Beds and path are laid out in a grid:









Shelving added atop north side half wall:









Haven't added up the costs yet but I'm sure it's way cheaper than a store-bought greenhouse kit of similar size.


----------



## gypsysue

Locutus, that is an _*awesome*_ greenhouse! Nicely built and nicely laid out!

We got one of those garage/carport tent frames from someone (the cover was shredded) and set it up by our garden, then used 6-mil plastic (100' roll from Home Depot) and duct tape and covered the thing. I cut a door in one end and rimmed it and the 'frame' with duct tape so it wouldn't tear. and a small window on the other end, which I also rimmed with duct tape.
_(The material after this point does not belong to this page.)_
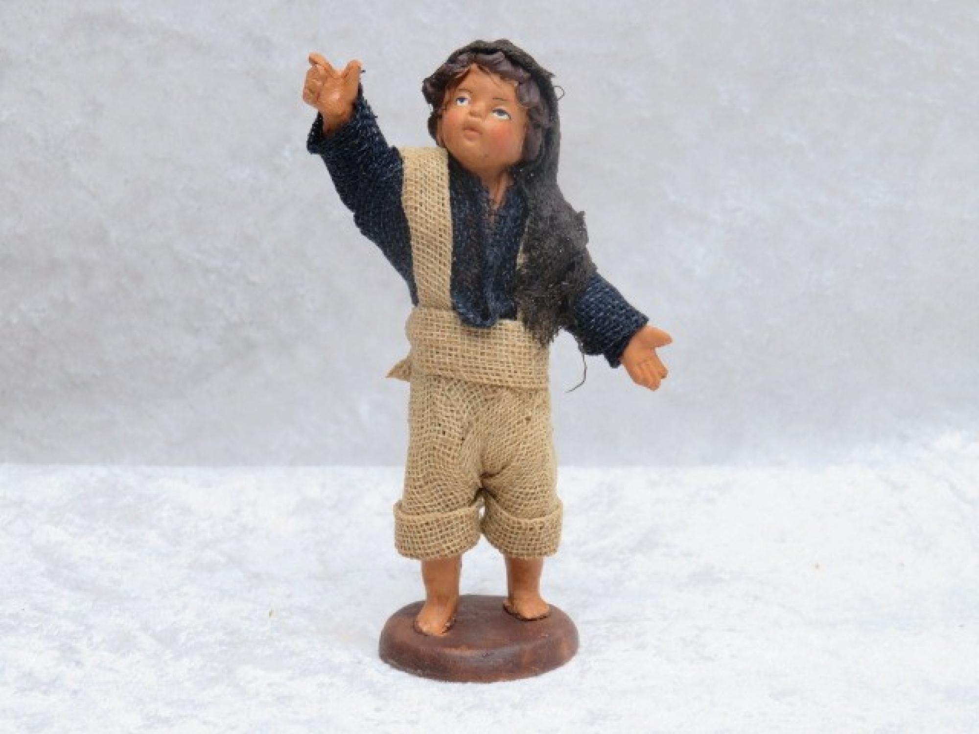 Diese Krippenfigur stellt einen Jungen dar, der nach oben schaut und ein Finger in die Richtung, in die er schaut, streckt.
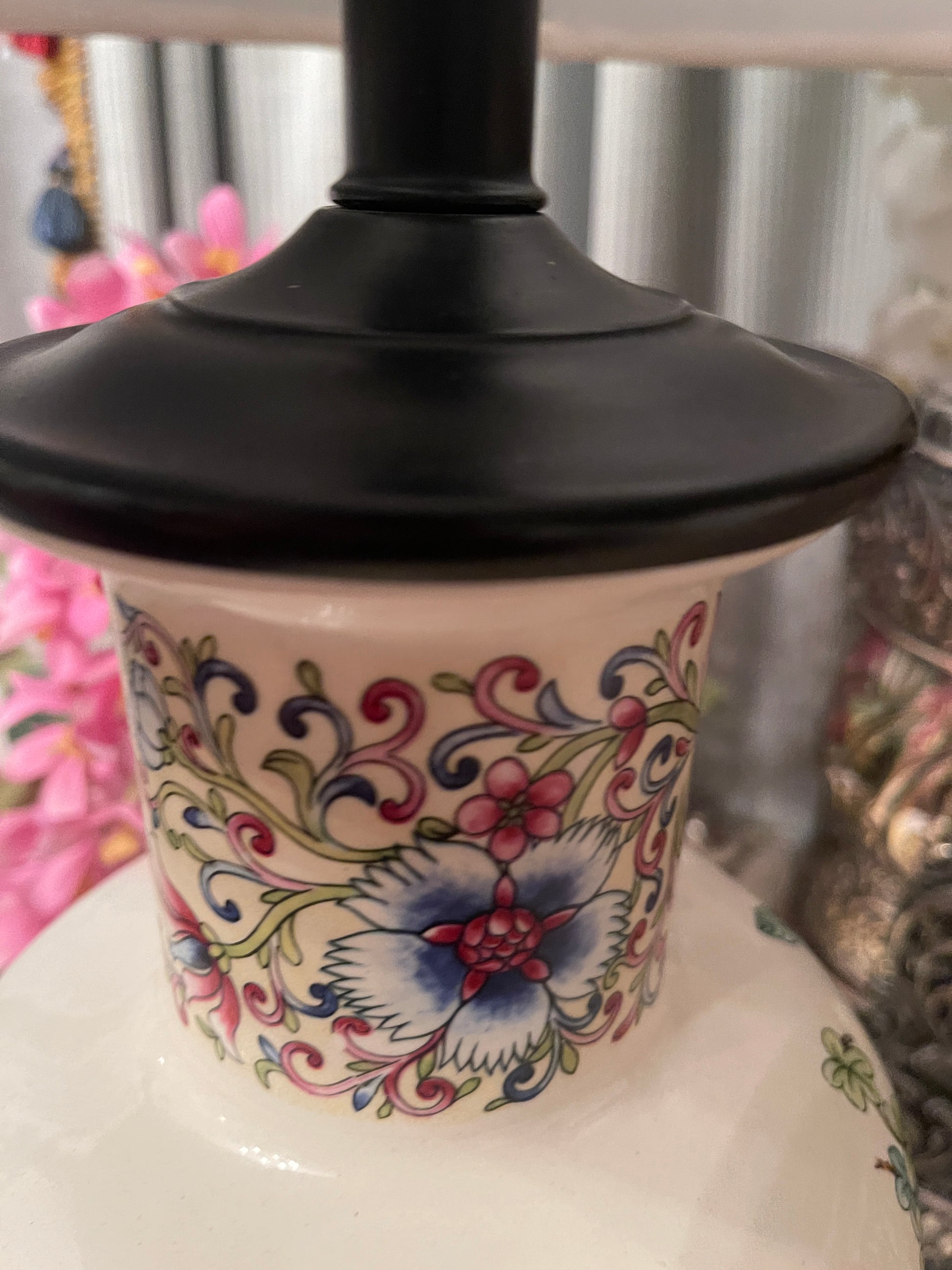 Beautifully detailed blooming botanicals, swirling acanthus with a glorious pair of Chinese Phoenix adorn this vibrant vintage table lamp. Shades of blue, pink, orange, and green create this lovely chinoiserie paradise. Asian symbols in red, black ornate footed metal base and cap add to the charm.

It made a wonderful greenhouse for a few years until one of those 'microburts' wind blasts demolished it! Now I just have PVC pipes jammed in the ground in a half-circle, baling twine run lengthwise in several places to support plastic, and cover those. They work okay.


----------



## Lake Windsong

We made a leanto greenhouse on the side of the house using a cedar frame and plexiglass. We have a stone path in the center with cedar slat shelving on both sides and gravel underneath the shelves for a container garden area. Also made a removable cold frame that can be moved from the shelving area to a stand outside. Ran plumbing into the greenhouse from a 250 gallon rainwater barrel that is on that side of the house. Electric outlets inside in case we need to run heat or exhaust fans, regular storm door and some repurposed regular house windows framed up in it for ventilation. Works well for our needs...


----------



## siletz

We built half a hoop house on the south side of our house as a lean-to. We found metal conduit at a garage sale and my husband bent them to shape and attached them to the house and then over rebar in the ground. I found the storm door with the door frame for $10 (again at a garage sale) and the window was a freecycle find. It's about 6x20 and cost us under $100 plus the plastic. We bought the cheap plastic the first time around as we weren't sure it would last our 70+ mph winds we get with our winter storms and didn't want to invest a lot of $ in a sail that flew away. :wave: So far so good. It has lasted through a winter with plenty of storms. :2thumb:

I love our greenhouse not just for the tasty food it's given us all winter, but it's been a great place to go on those stormy days when I need a gardening fix. It's definitely kept some of the winter blahs away. This summer, I plan to grow some warm weather things I've not had good luck growing in our cool coastal summers.


----------



## JustCliff

Here is a few picks of mine while building.


----------



## LilRedHen

JustCliff said:


> Here is a few picks of mine while building.


That's a great looking greenhouse! Could you give dimensions and explanations? I've been wanting one for a while now and your pictures make it look like something I could try.


----------



## JustCliff

LilRedHen said:


> That's a great looking greenhouse! Could you give dimensions and explanations? I've been wanting one for a while now and your pictures make it look like something I could try.


It is 12' wide and 24' long. It can be built in 2' increments in length. 
I used 3/4" PVC pipe 10' in length. 
The base is 2X6 pressure treated lumber. 
Here is a link to the NC State PVC greenhouse I modeled mine after. Hope this helps.

http://www.bae.ncsu.edu/programs/extension/publicat/postharv/green/small_greenhouse.pdf


----------